En voyant Wan-Chan, Jonathan laisse tomber le verre qu’il tenait à la main pendant toute la scène. Ce geste dramatique, fréquent au théâtre comme au cinéma, est un moyen simple mais efficace de montrer l’émotion du personnage. En revanche, il est assez peu fréquent dans un shônen manga de voir le héros perdre à ce point son sang-froid. Les auteurs de mangas disposent en outre d’autres moyens, comme les trames d’arrière-plan, pour montrer les émotions. Utiliser en plus la gestuelle, c’est ajouter volontairement une dimension théâtrale ou filmique à la scène.
Enfin, si l’on considère que partager le verre de vin symbolisait pour le couple un renouvellement de leur cérémonie de mariage, alors c’est comme s’ils étaient interrompus en plein mariage… ce qui fait très « gothique » ! Les romans et films gothiques, en effet, associent très souvent le mariage au malheur, et l’amour à la mort. (Pensez par exemple aux Noces funèbres de Tim Burton. Ou à tous ces récits de jeunes mariées assassinées le jour de leurs noces !)
2) Les personnages : 3 films qui font office de références…
Approfondissons notre enquête… Quels sont les films précis, parmi l’œuvre d’Hitchcock, qui seraient susceptibles d’avoir servi d’inspiration à ce manga ?
« Meilleur le méchant, meilleur le film » : L’Inconnu du Nord-Express
Pour une histoire centrée sur la dualité entre les deux personnages principaux, impossible de ne pas citer Strangers on a Train (L’Inconnu du Nord-Express), où tout est double. Et où – comme le fait remarquer Truffaut à Hitchcock – les deux personnages principaux, en apparence manichéens, pourraient très bien n’en être qu’un. [2]

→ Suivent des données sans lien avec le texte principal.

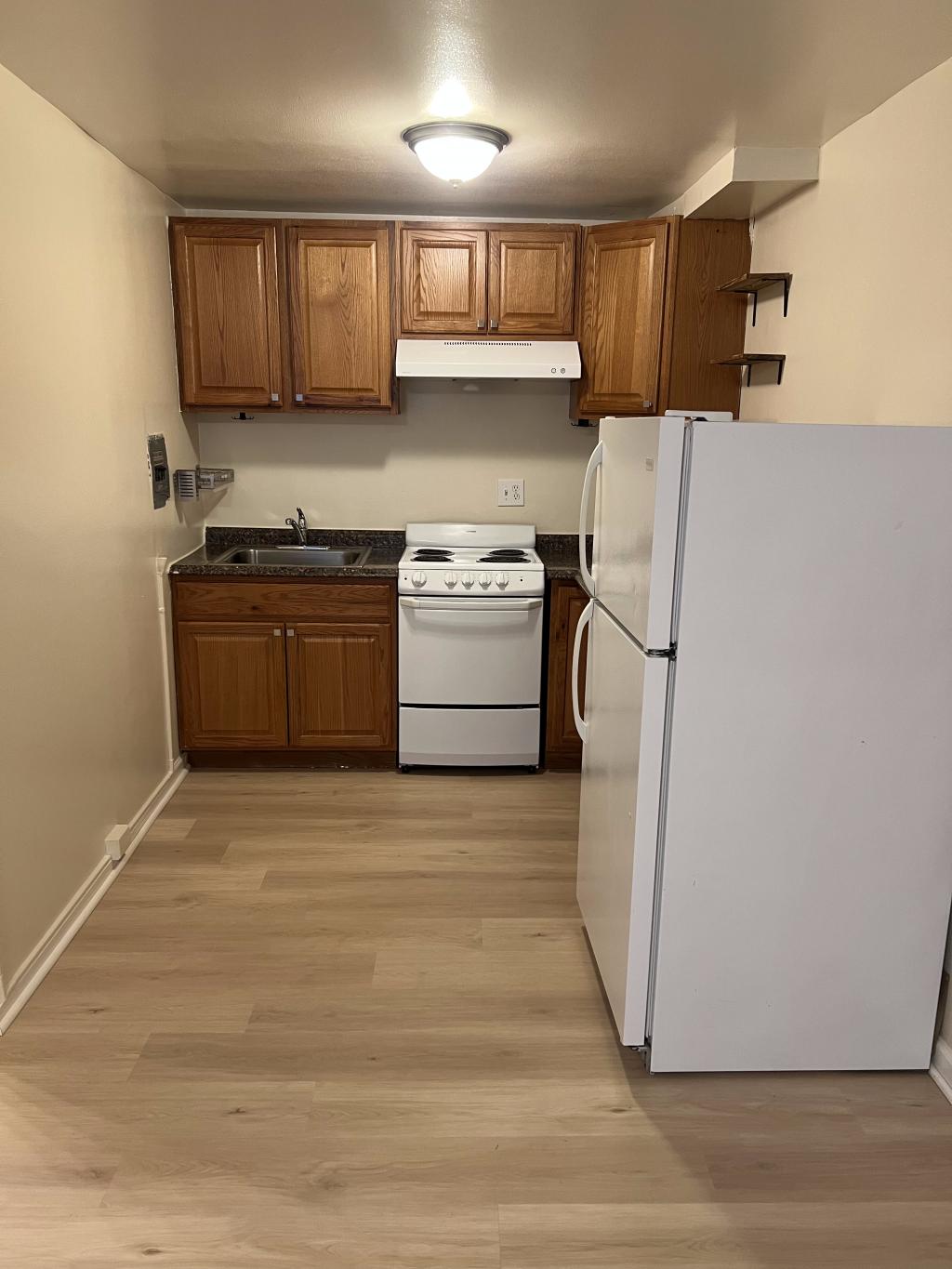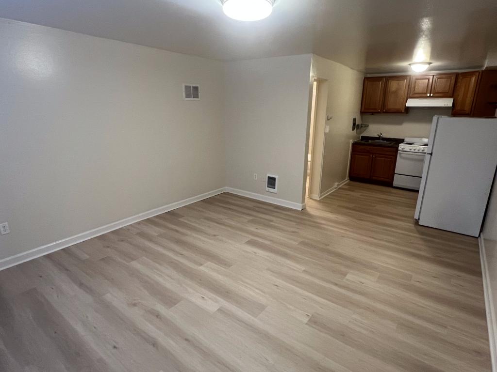 Spacious studio with a nice open floor plan, kitchen, and bathroom.

De ce point de vue, c’est peut-être le film d’Hitchcock auquel Phantom Blood ressemble le plus. À noter aussi que, à l’instar de Dio, l’antagoniste du film, Bruno Antony, déteste son propre père et désire le tuer. Dans Phantom Blood, Araki accorde une grande attention à la psychologie de l’antagoniste, suivant ainsi la célèbre maxime d’Hitchcock : « Meilleur le méchant, meilleur le film ».
Soupçons et le motif de l’empoisonnement
J’ai pris cette image (qui ne fait pas partie du passage étudié) car il s’agit aussi d’une scène très hitchcockienne. Dio monte les escaliers d’un manoir anglais, en apportant un verre que Jonathan soupçonne de contenir du poison. Cette scène rappelle de manière troublante un autre film d’Hitchcock : Soupçons, dans lequel une femme soupçonne sont mari de vouloir l’empoisonner. La scène la plus connue du film est celle où le mari monte les escaliers en apportant sur un plateau un verre de lait, soit disant pour la soigner…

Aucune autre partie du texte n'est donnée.